Nationwide supply chain disruptions have impacted businesses across the country -- and Iowa’s dairy industry is no exception. Transportation and logistics issues have touched all levels of dairy production, from local farmers to large dairy exporters.

In most cases, agriculture economist for Iowa State University Chad Hart said supply isn’t the major issue. The problem is connecting the supply to the demand, and the chain link between many products has been disrupted.

“If the feed additive is in China, but the need for it is here in an Iowa dairy herd, then that doesn’t help you, unless you can deliver it where it’s needed,” Hart said.

On the local level, farmers are facing obstacles in receiving the tools they need to continue business. At Milk Unlimited Dairy, a farm in Atlantic with 34,000 cows, owner Christy Cunningham said the first shortage she noticed was in personal protection equipment used for milking cows at the start of the pandemic.

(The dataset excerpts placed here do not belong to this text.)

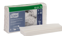
530178 Tork нетканый материал повышенной прочности белый
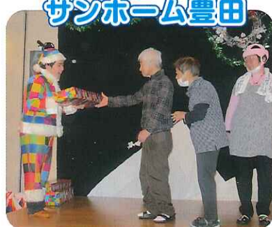
▲クリスマスプレゼントもらったよ～
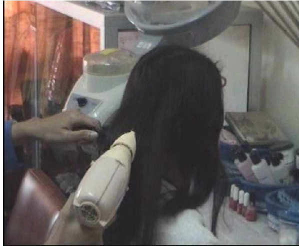
Gambar. 2.17. Hasil Akhir Pengkondisian Rambut Dengan Color rinse

(3) Lakukan penataan sesuai yang diinginkan.
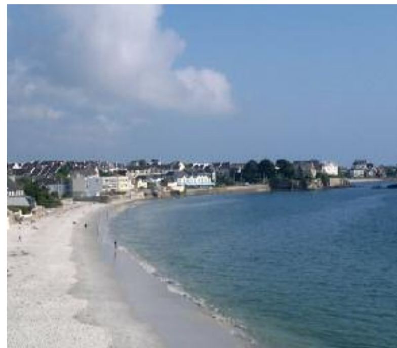
La plage des Sables-Blancs à Concarneau.
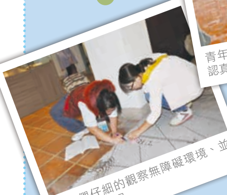
青年們仔細的觀察無障礙環境、並認真記錄筆記
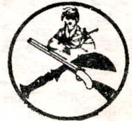
ಕೊಡಗು ಗೌಡ ಮಾಜಿ ಸೈನಿಕರ ಕ್ಷೇಮಾಭಿವೃದ್ಧಿ ಸಂಘ-2000
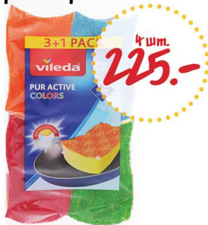
Губка кухонная ВИЛЕДА Пур Колорс
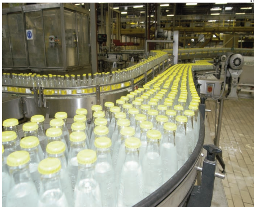
Las bebidas se encuentran entre los productos que más se exportan.

Pero en medio de este aluvión de datos positivos, también hay lugar para una cierta preocupación, ya que la excesiva dependencia hacia los países de la zona euro puede traer consigo efectos negativos si los problemas
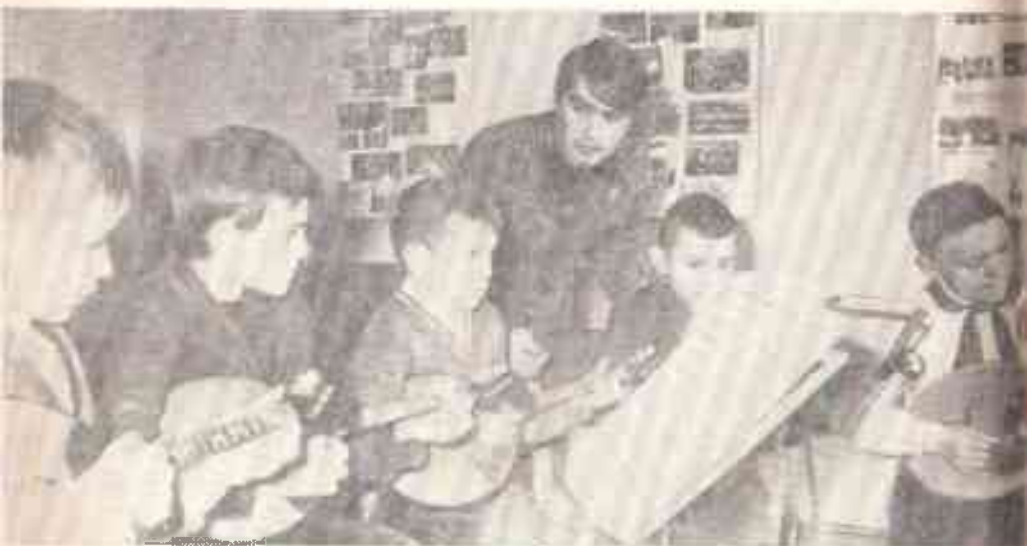
Юные домбристы Северского районного Дома культуры.
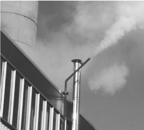
Prima degli scaricatori GEM Venturi
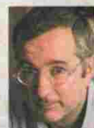
Alfonso Armada Reportero y escritor, autor de «El sueño americano. Cuaderno de viaje a la elección de Obama»

de su holgada existencia. Acaso fuera la ciudad del yo y yo, donde el deseo adquiere proporciones de mitología y el egoísmo es una fuente de codicia y de placer, el rabo de Cristina estuviera intentando alumbrar una metáfora. Pero lo que consigno aquí no son mas que hipótesis morales, ninguna ciencia. Porque el asunto de los rabos de los gatos es universal.
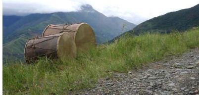
Nostalgias ancestrales en los ritmos

Hobbies: música, cine, arte, literatura, fotografía. La idea de viajar como mochilera por América latina surgió hace unos seis meses, y de a poco fue convirtiéndose en un proyecto real, basado en su motivación: viajar, conocer y escribir.
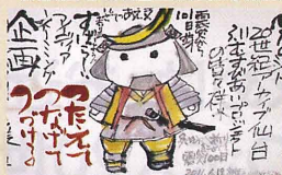
東京の絵手紙サークルの皆さん
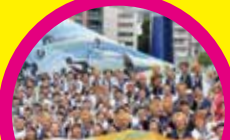
お祭りダンスサークル 祭楽人
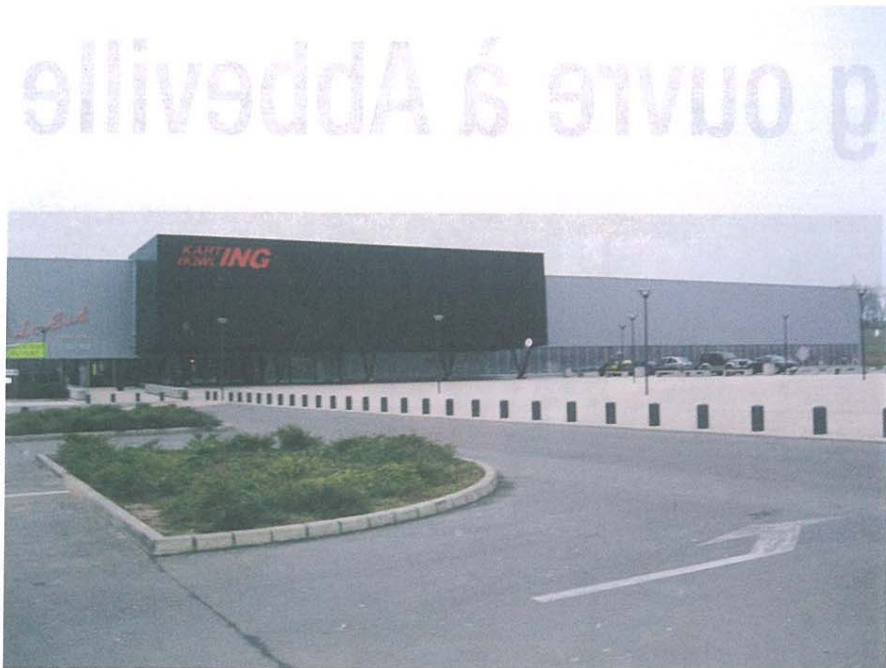
L'établissement de Jaux a ouvert ses portes en 1998.

ting-bowling-laser sur un même site en France, le plus grand complexe du Nord de la France.

“Not only were we not able to get them, but when we were, the inflation of the price was enough to make you take notice,” Cunningham said.

Now, equipment like dry tubes, ear tags, feed additives and packaging for milk products are more difficult to stock and require a lot more planning. Between shortages and rising prices, Stensland said the last two years have been very hard for his business.

“Everything’s gone up,” Stensland said. “It’s cut into profits, there's no doubt about it. It's just a matter of how far we can be able to grab that back. Our sales are tough anyway.